[Recorded data]
+++++

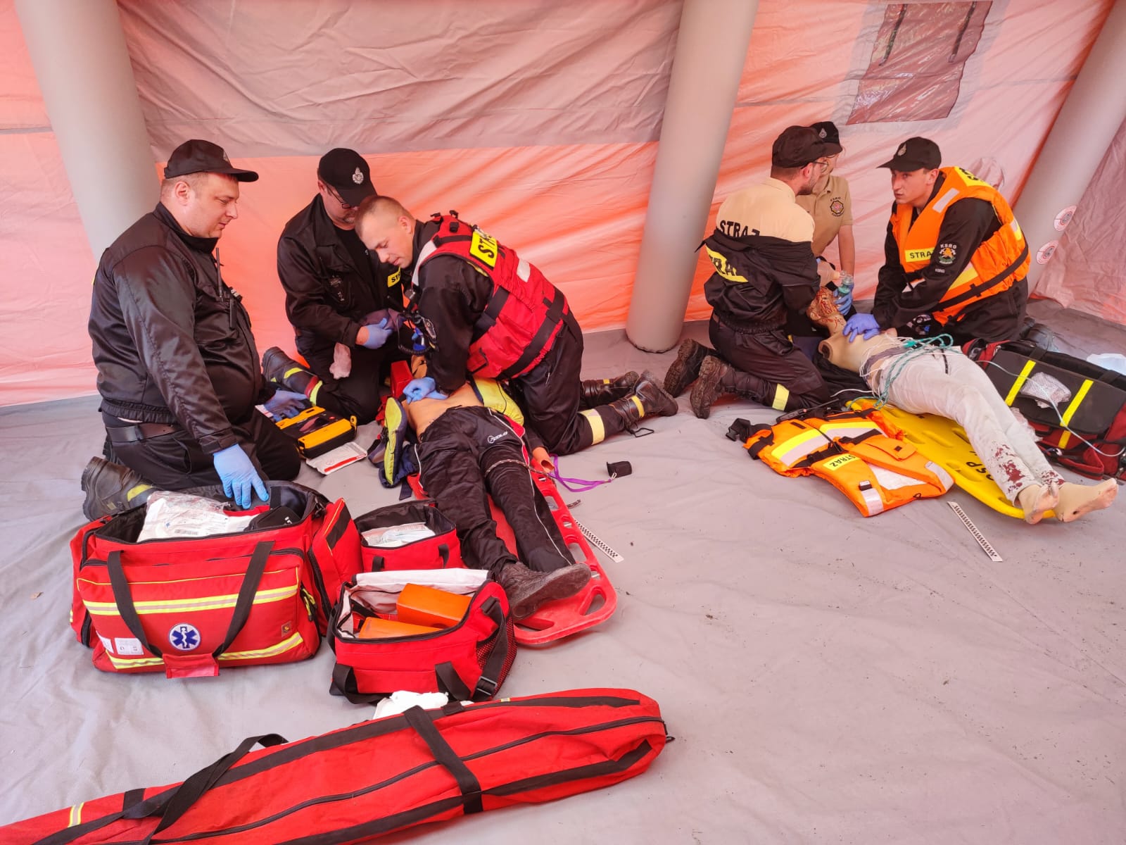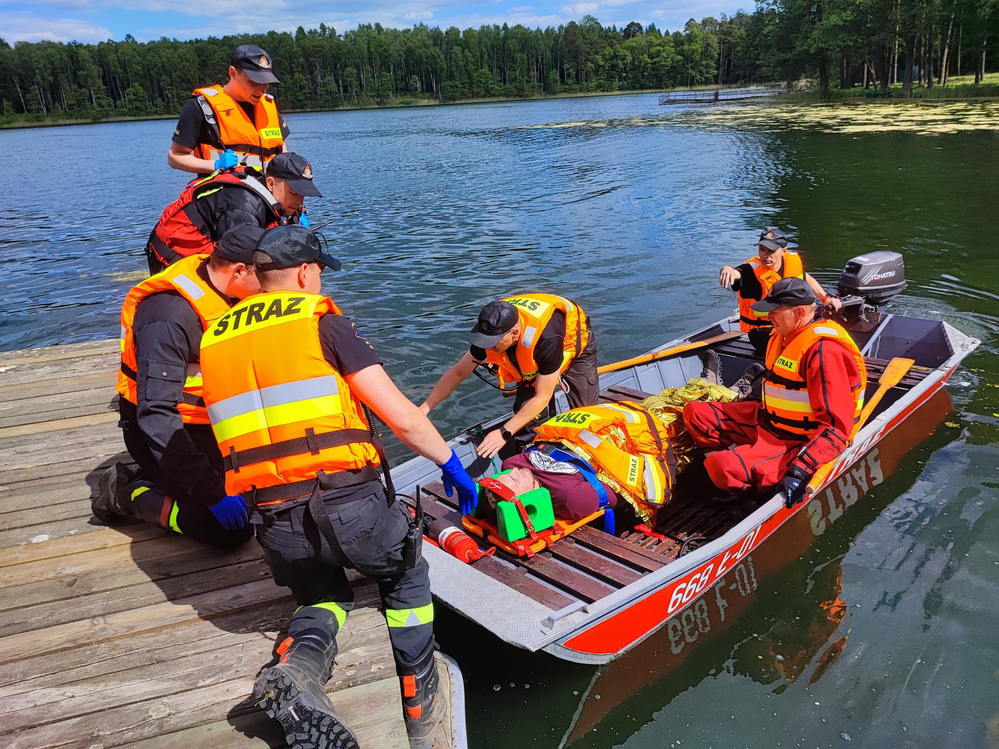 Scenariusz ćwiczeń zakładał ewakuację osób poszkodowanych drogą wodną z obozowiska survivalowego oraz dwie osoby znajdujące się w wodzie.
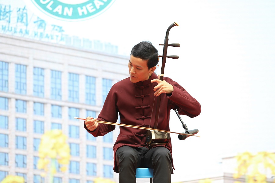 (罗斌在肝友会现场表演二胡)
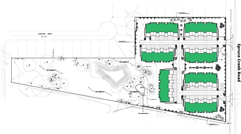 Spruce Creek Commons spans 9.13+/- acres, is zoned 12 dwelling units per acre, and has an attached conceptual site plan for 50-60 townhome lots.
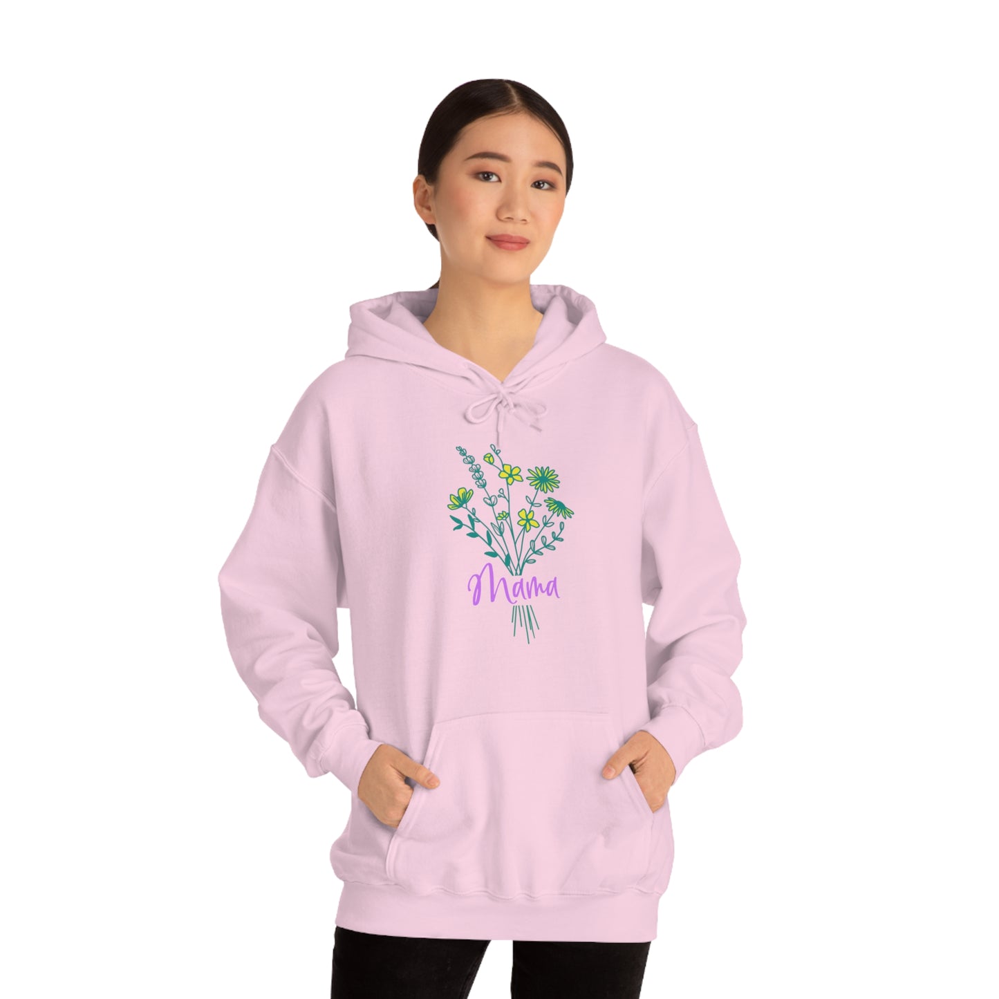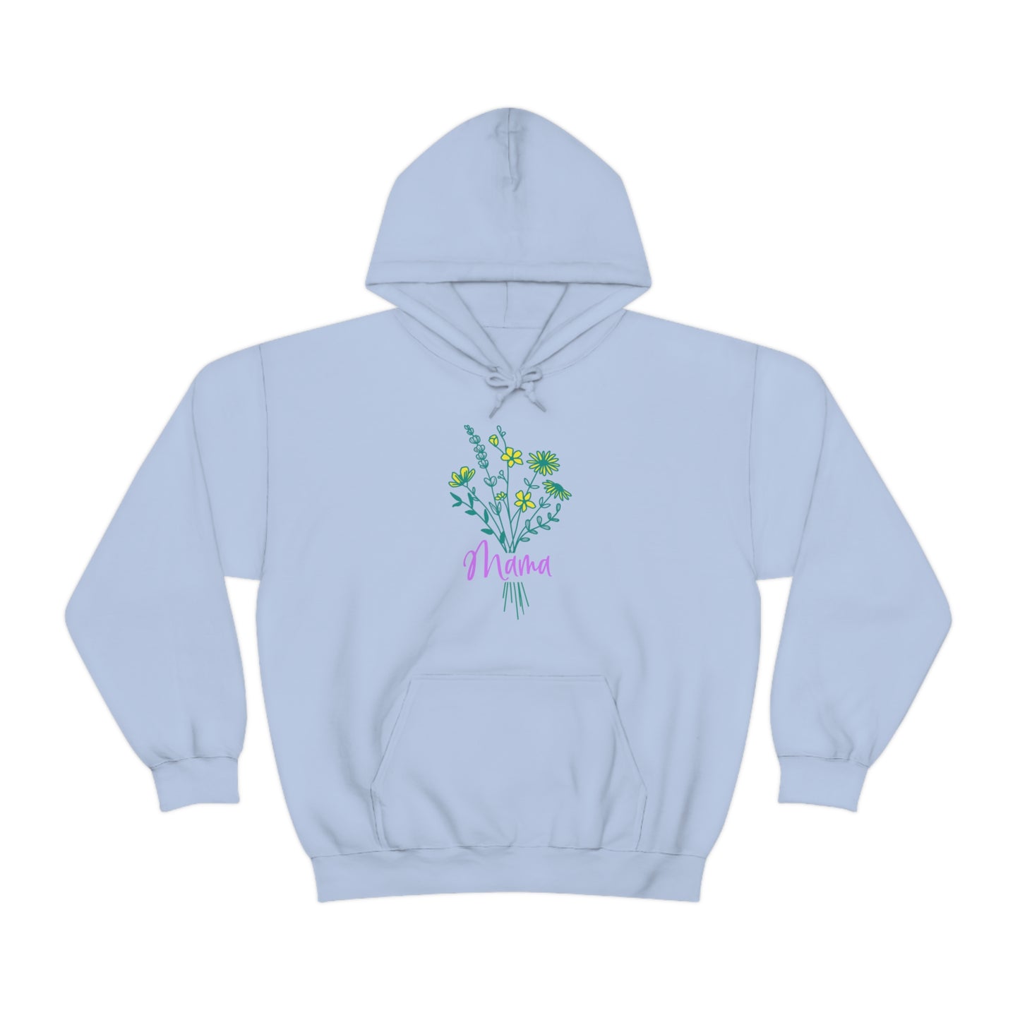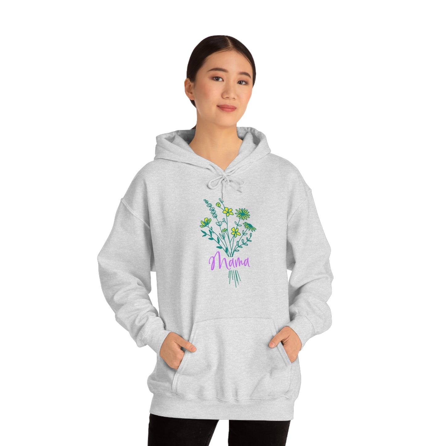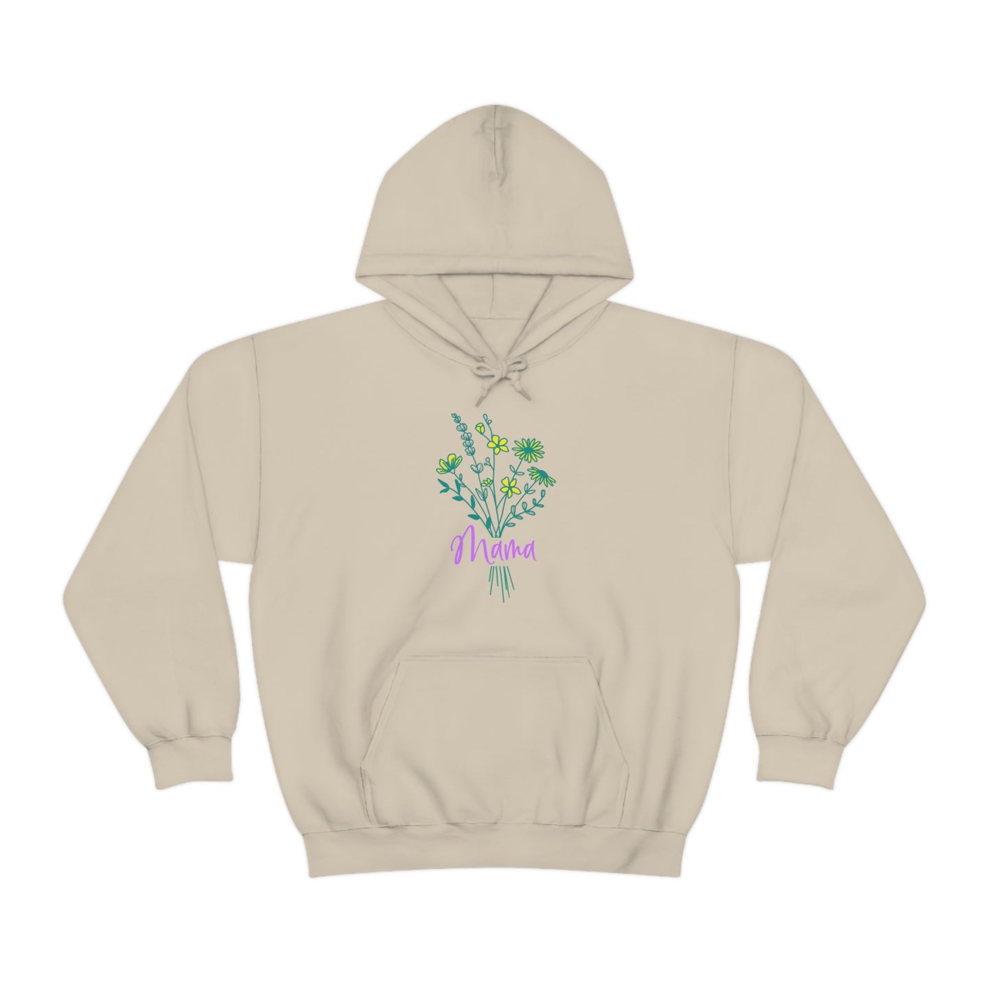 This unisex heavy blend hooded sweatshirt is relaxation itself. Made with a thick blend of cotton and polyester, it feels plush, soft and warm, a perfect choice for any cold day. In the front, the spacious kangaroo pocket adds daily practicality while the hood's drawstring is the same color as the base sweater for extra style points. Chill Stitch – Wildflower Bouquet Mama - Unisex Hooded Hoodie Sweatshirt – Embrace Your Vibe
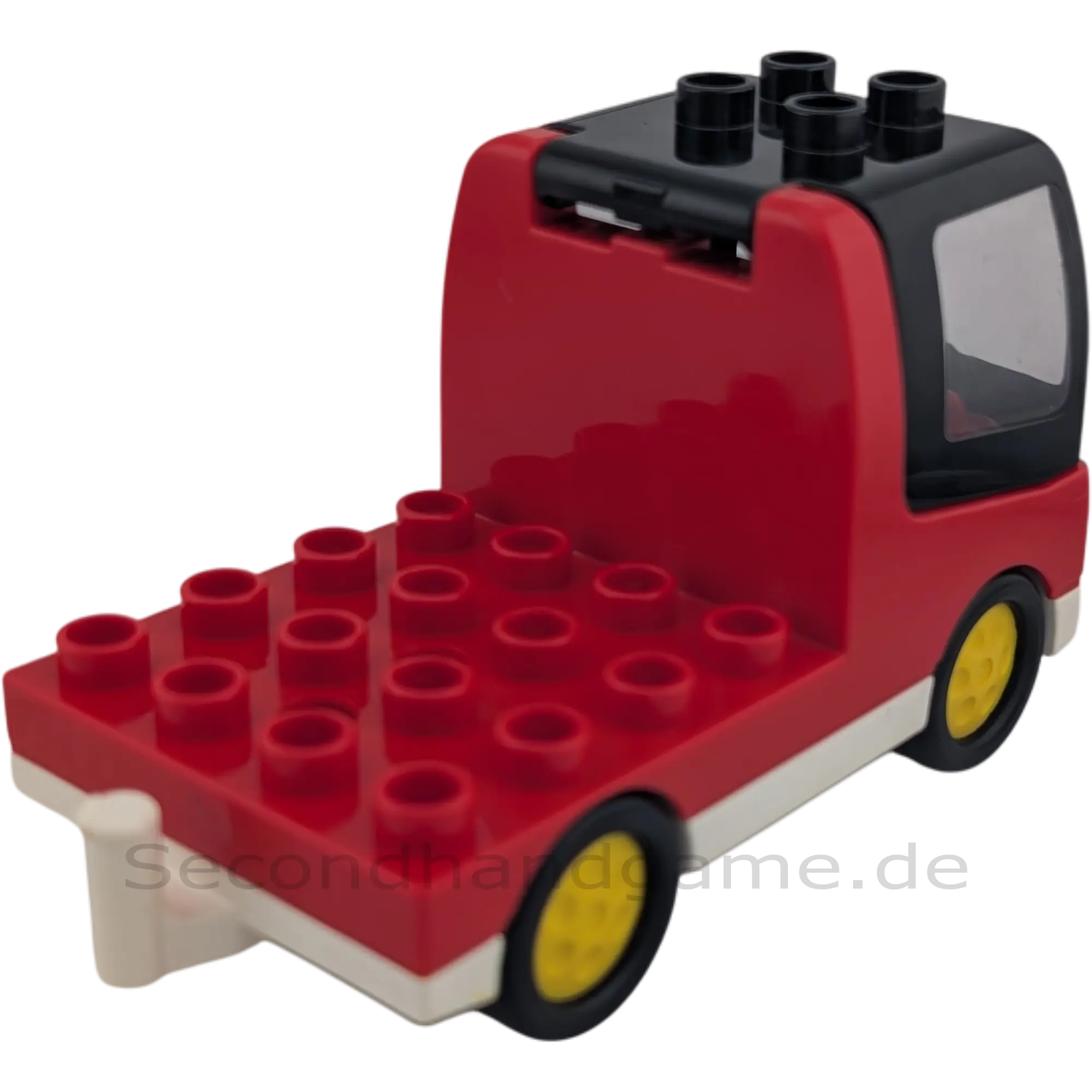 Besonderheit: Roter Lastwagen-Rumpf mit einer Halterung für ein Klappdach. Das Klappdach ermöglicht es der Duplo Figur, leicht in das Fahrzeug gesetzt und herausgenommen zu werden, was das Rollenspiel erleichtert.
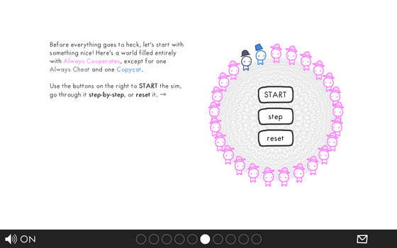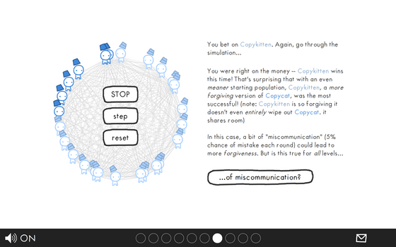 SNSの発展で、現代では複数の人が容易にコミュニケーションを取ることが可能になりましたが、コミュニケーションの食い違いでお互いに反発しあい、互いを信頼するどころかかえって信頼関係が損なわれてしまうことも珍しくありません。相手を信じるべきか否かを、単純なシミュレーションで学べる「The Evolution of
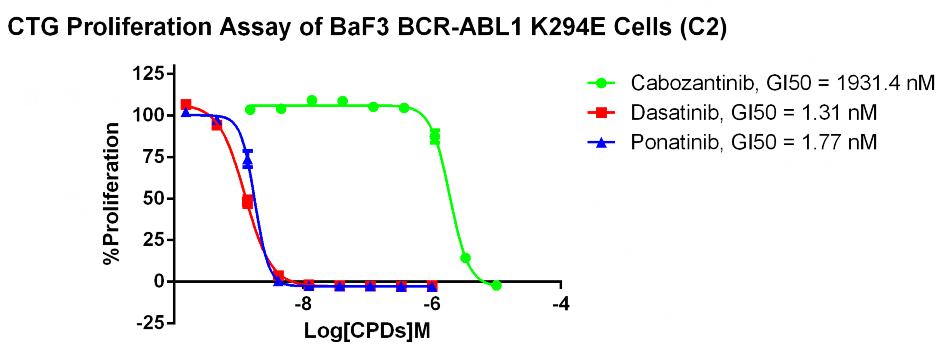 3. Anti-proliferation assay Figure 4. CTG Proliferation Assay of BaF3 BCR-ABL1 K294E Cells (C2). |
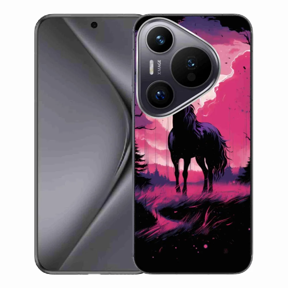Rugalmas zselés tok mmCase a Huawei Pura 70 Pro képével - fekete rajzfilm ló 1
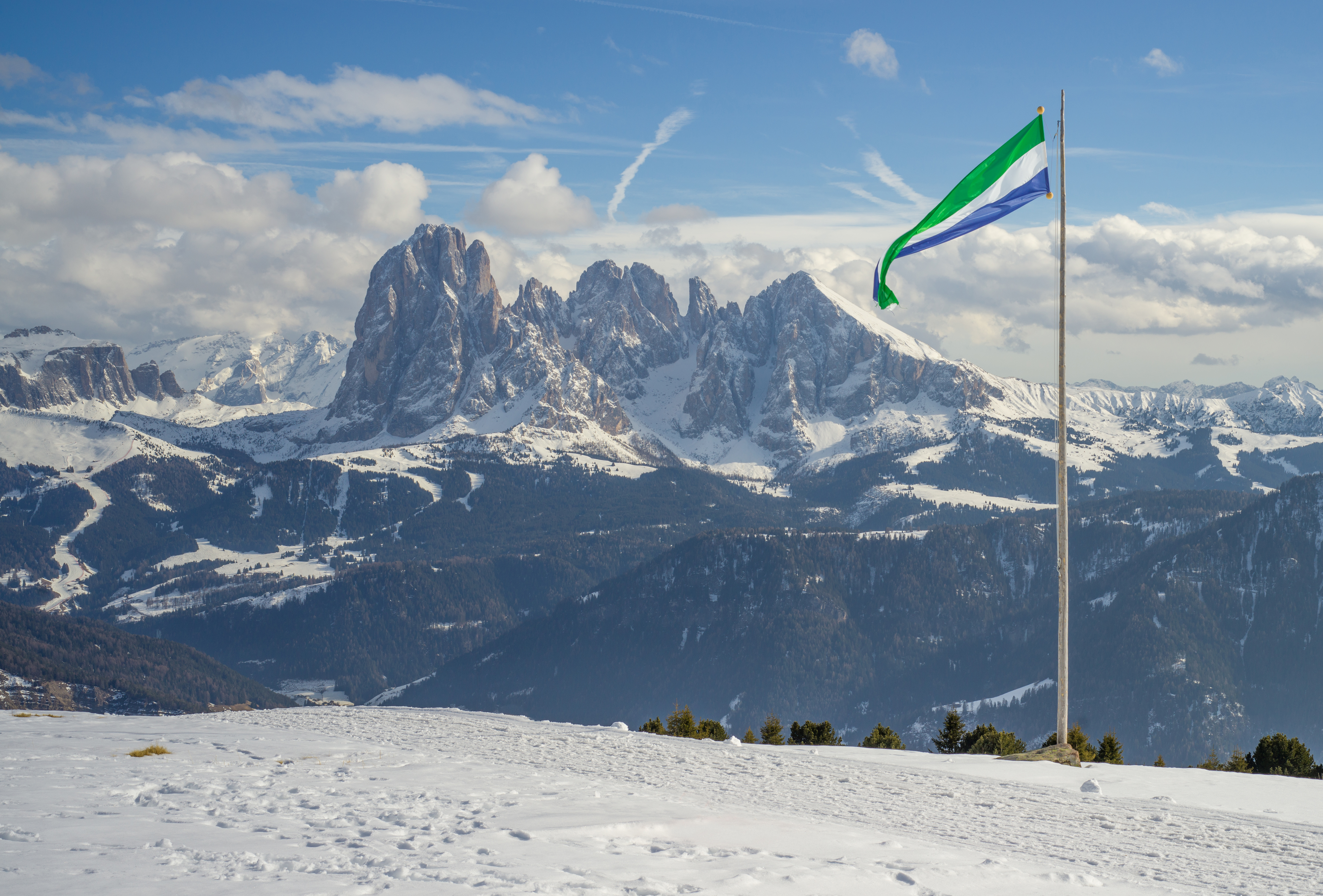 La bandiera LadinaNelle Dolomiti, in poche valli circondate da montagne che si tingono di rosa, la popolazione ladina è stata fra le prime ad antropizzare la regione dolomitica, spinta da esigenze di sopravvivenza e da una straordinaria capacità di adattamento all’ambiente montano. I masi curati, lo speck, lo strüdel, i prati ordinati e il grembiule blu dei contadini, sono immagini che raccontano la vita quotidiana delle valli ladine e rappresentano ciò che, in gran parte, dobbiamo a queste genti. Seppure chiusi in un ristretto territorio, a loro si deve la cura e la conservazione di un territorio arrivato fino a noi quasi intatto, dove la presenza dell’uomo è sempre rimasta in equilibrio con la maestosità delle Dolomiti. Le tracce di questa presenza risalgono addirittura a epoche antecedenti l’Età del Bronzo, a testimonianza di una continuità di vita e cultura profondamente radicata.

+++++

ABOUT THIS EXERCISE
Write out every line above exactly as it is, leaving out the pictures.

RESPONSE AREA
 Scenariusz ćwiczeń zakładał ewakuację osób poszkodowanych drogą wodną z obozowiska survivalowego oraz dwie osoby znajdujące się w wodzie.
 (罗斌在肝友会现场表演二胡)
 Spruce Creek Commons spans 9.13+/- acres, is zoned 12 dwelling units per acre, and has an attached conceptual site plan for 50-60 townhome lots.
 This unisex heavy blend hooded sweatshirt is relaxation itself. Made with a thick blend of cotton and polyester, it feels plush, soft and warm, a perfect choice for any cold day. In the front, the spacious kangaroo pocket adds daily practicality while the hood's drawstring is the same color as the base sweater for extra style points. Chill Stitch – Wildflower Bouquet Mama - Unisex Hooded Hoodie Sweatshirt – Embrace Your Vibe
 Besonderheit: Roter Lastwagen-Rumpf mit einer Halterung für ein Klappdach. Das Klappdach ermöglicht es der Duplo Figur, leicht in das Fahrzeug gesetzt und herausgenommen zu werden, was das Rollenspiel erleichtert.
 SNSの発展で、現代では複数の人が容易にコミュニケーションを取ることが可能になりましたが、コミュニケーションの食い違いでお互いに反発しあい、互いを信頼するどころかかえって信頼関係が損なわれてしまうことも珍しくありません。相手を信じるべきか否かを、単純なシミュレーションで学べる「The Evolution of
 3. Anti-proliferation assay Figure 4. CTG Proliferation Assay of BaF3 BCR-ABL1 K294E Cells (C2). |
Rugalmas zselés tok mmCase a Huawei Pura 70 Pro képével - fekete rajzfilm ló 1
 La bandiera LadinaNelle Dolomiti, in poche valli circondate da montagne che si tingono di rosa, la popolazione ladina è stata fra le prime ad antropizzare la regione dolomitica, spinta da esigenze di sopravvivenza e da una straordinaria capacità di adattamento all’ambiente montano. I masi curati, lo speck, lo strüdel, i prati ordinati e il grembiule blu dei contadini, sono immagini che raccontano la vita quotidiana delle valli ladine e rappresentano ciò che, in gran parte, dobbiamo a queste genti. Seppure chiusi in un ristretto territorio, a loro si deve la cura e la conservazione di un territorio arrivato fino a noi quasi intatto, dove la presenza dell’uomo è sempre rimasta in equilibrio con la maestosità delle Dolomiti. Le tracce di questa presenza risalgono addirittura a epoche antecedenti l’Età del Bronzo, a testimonianza di una continuità di vita e cultura profondamente radicata.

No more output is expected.